Thomas Alexander Evelyn Platts-Mills, FRS (born 1941, Colchester), son of British member of parliament John Platts-Mills, is a British allergy researcher and director of the Division of Allergy and Clinical Immunology at the University of Virginia School of Medicine.

Platts-Mills was educated at University College London. He then went to Balliol College, Oxford and St. Thomas' Hospital Medical School, received his PhD from London University, and completed a fellowship at Johns Hopkins University under the tutelage of Kimishige Ishizaka. He became a member of the Royal College of Physicians in 1971.

From 1975 to 1982, he worked in Britain for the Medical Research Council. Since 1982 he has worked at the University of Virginia where he has been Professor of Medicine and Microbiology and, since 1993, head of the Division of Allergy and Clinical Immunology. He served as President of the American Academy of Allergy, Asthma, and Immunology (AAAAI) from March 2006 to March 2007.

== Research ==
Since 1974, Platts-Mills has been active in research on allergic disease and has published more than 350 papers.

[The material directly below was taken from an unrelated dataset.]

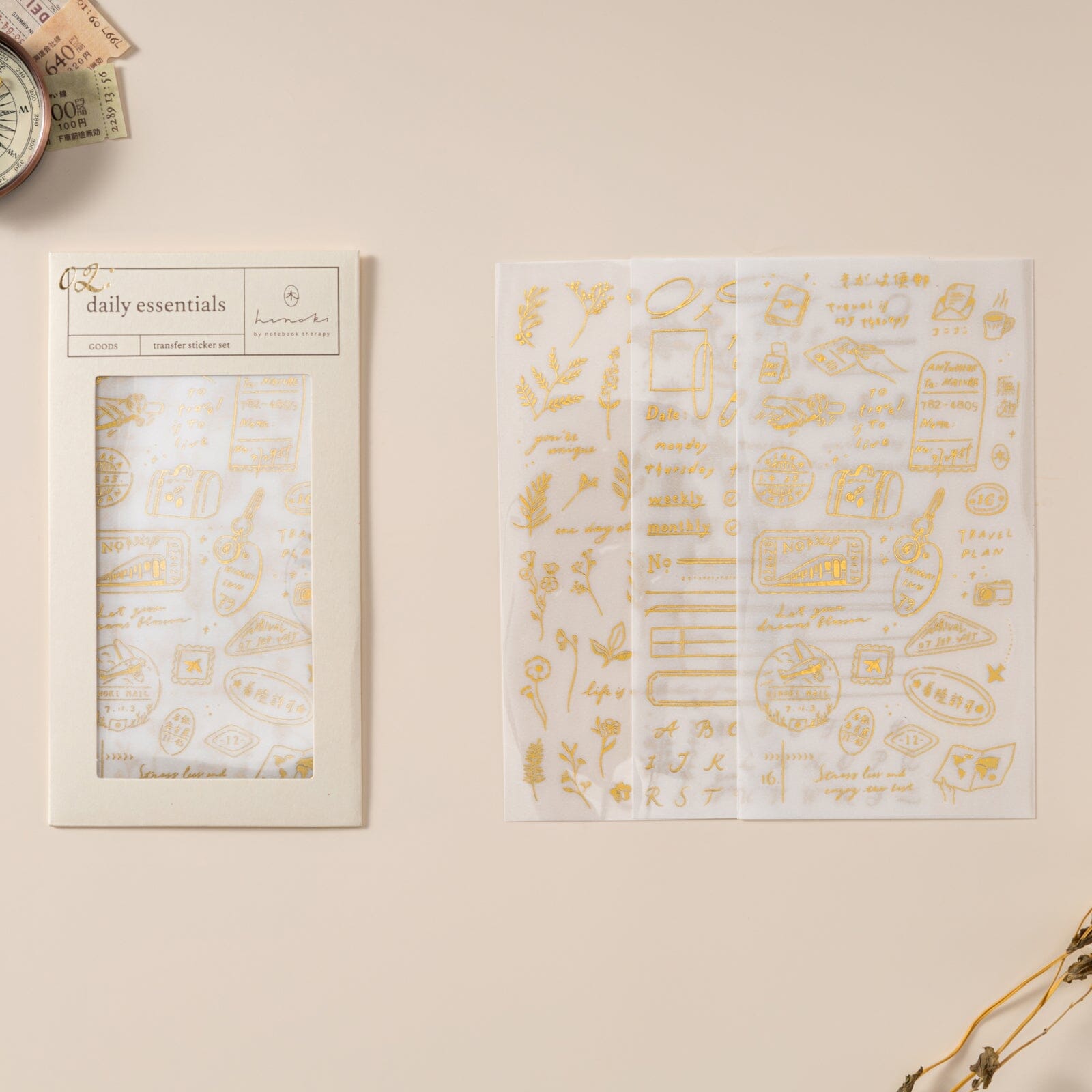 Hinoki - ‘Daily Essentials’ Gold Foil Print-On Sticker Set
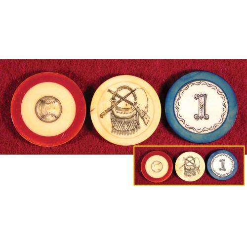 Three Ivory Poker Chips depicting a baseball, fishing and hunting gear and One Dollar. Small crack on fishing chip otherwise excellent condition.

His research includes the first purification and publication of a dust mite allergen in 1978, the development of immunoassays for dust mite allergens, and the establishment that it is mite fecal particles which are inhaled. Platts-Mills has researched the immune response to a range of allergens including those from pollens, dust mites, the fungus Trichophyton, and domestic cats.

Platts-Mills is credited with the discovery of the mammalian meat allergy, after he discovered in 2002 the link between alpha-gal allergy and Lone Star tick bites.

== Awards ==
In 2010, his research earned Platts-Mills election as a Fellow of the Royal Society, the first allergist to be named to this select group.